John Richardson, an art historian renowned for his four-volume biography of Pablo Picasso, died at age 95 on March 12 at his Manhattan home.
Barbara Hammer, a lesbian filmmaker, died at age 79 from ovarian cancer at her partner Florrie Burke’s home in Manhattan on March 16. Hammer celebrated lesbian sexuality in “Dyketactics” and other films.
Dr. Richard Green, a psychiatrist, died at age 82 on April 6 at his London home. He was one of the first to critique the idea that being queer is a psychiatric disorder.
Michael Fesco, the nightclub owner who provided open spaces (Ice Palace, Flamingo and other venues) for gay men to dance when LGBTQ people couldn’t be out, died on April 12 at age 84 in Palm Springs, Calif.
Lyra McKee, a 29-year-old, queer Northern Ireland journalist, died on April 18. She was killed while covering violence in Londonderry.
Giuliano Bugialli, a gay culinary historian and three-time James Beard Award winner, died at age 88 on April 26 in Viareggio, Italy.
Doris Day, queer icon, actress and singer best known for her romantic comedies with Rock Hudson, died at age 97 on May 13 at her Carmel Valley, Calif. home from pneumonia.

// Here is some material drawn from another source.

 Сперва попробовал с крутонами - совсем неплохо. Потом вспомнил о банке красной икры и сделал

Binyavanga Wainaina, a Kenyan author, founder of the magazine “Kwani?” and one of the first prominent African writers to come out as gay, died at age 48 on May 21 in a Nairobi hospital.
Charles A. Reich, author of the 1970 counter-culture manifesto “The Greening of America,” died on June 15 at age 91 in San Francisco.

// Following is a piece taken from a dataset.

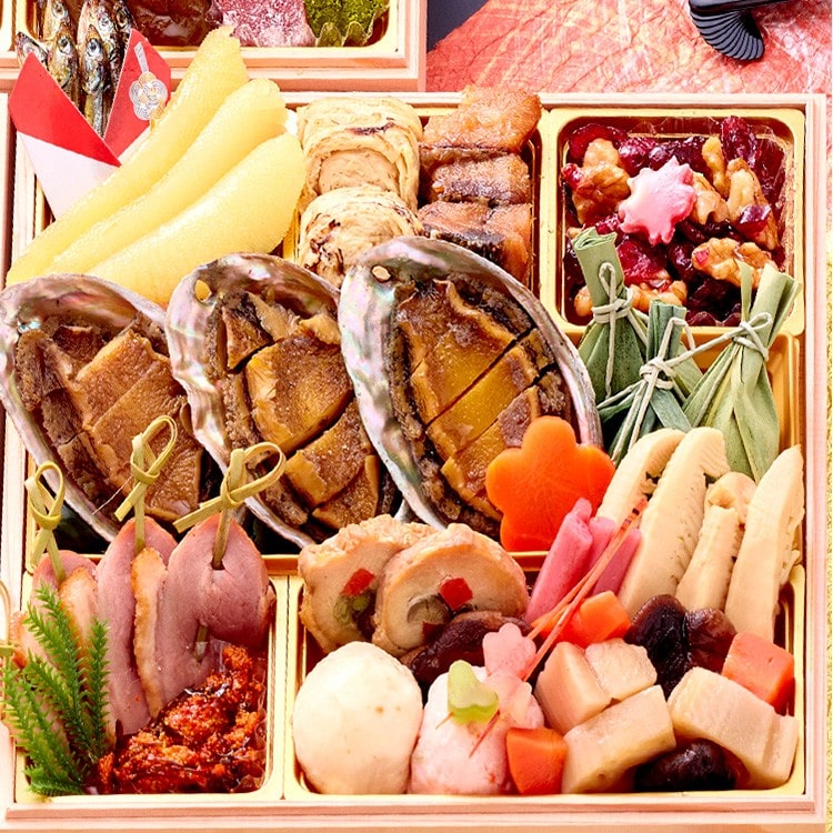 のし田作り、味付数の子、数の子松前、一口焼湯葉巻、鱈煮、クランベリーくるみ、桜色麩、アワビ旨煮、花形人参、釜揚げわかめ、笹巻茶巾、合鴨スモーク串、真だら子旨煮、鶏三色巻、かにとくわいのしんじょ、えびと枝豆のふわふわしんじょ、梅酢レンコンの芽、厚切り筍旨煮、人参旨煮、蓮根旨煮、椎茸旨煮個、松竹梅串

Douglas Crimp, an art critic and AIDS activist, died on July 5 at age 74 at his Manhattan home from multiple myeloma. He wrote many articles for journals. Yet he also attended meetings of the AIDS group ACT UP.

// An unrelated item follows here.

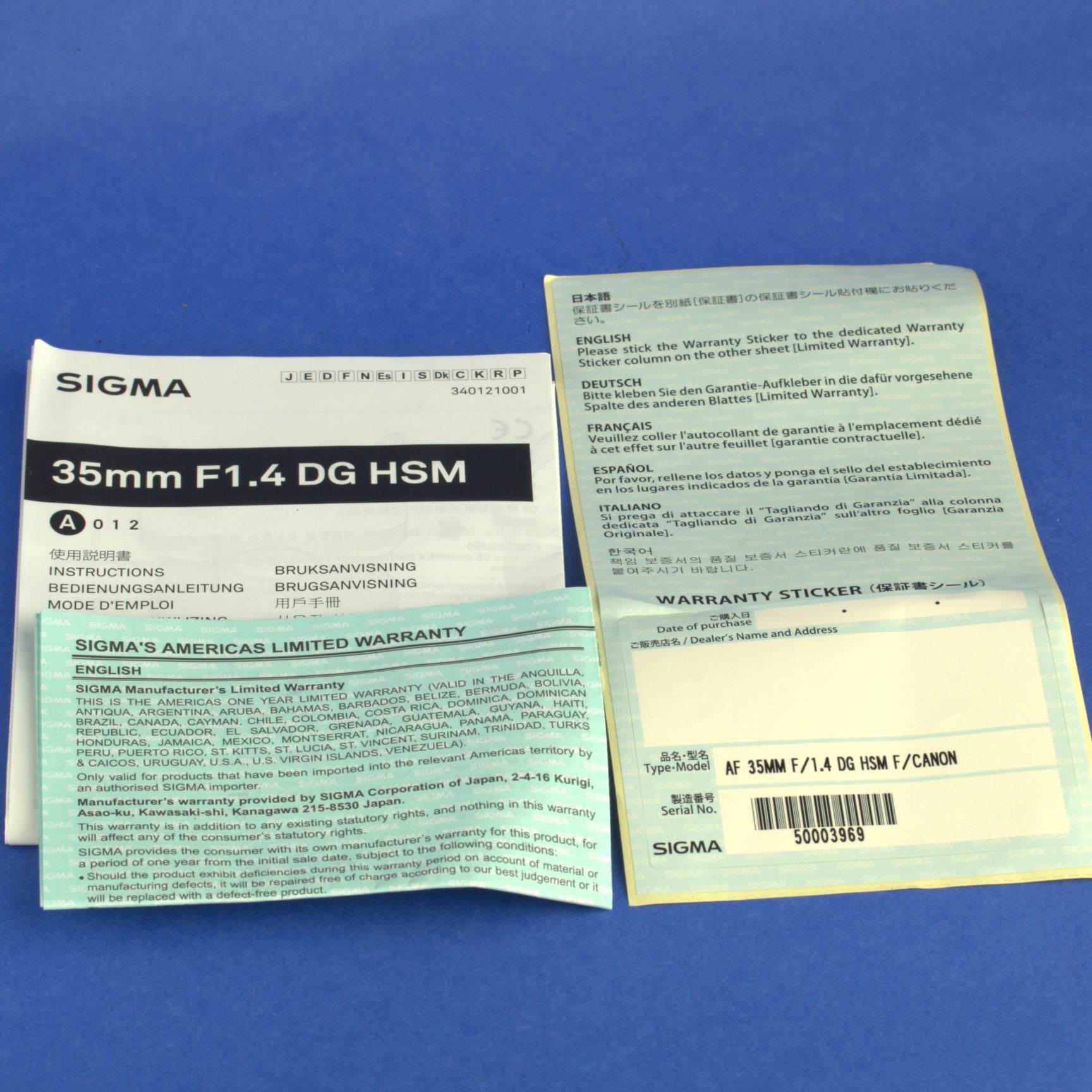 Sigma 35mm 1.4 Art Lens Canon EOS Mount Near Mint Condition

Elka Gilmore, a queer chef known for her fusion cuisine, died at age 59 on July 6 in San Francisco. The New York Times Magazine called her “the enfant terrible of the modern California kitchen.”
George Hodgman, a gay editor, died on July 19 at age 60 at his Manhattan home. The cause was thought to be suicide. Hodgman’s memoir “Bettyville” is his story of staying in Paris, Mo. with his widowed mother who had dementia.
Lee Bennett Hopkins, a gay poet who wrote and edited many books for children, died on Aug. 8 at age 81 in Cape Coral, Fla. In 2018, he edited “World Make Way: New Poems Inspired by Art from The Metropolitan Museum.”
Sally Floyd, one of the inventors of Random Early Detection (RED), a widely used internet algorithm, died at age 69 on Aug. 25 at her Berkeley, Calif. home from cancer. She is survived by her wife Carole Leita.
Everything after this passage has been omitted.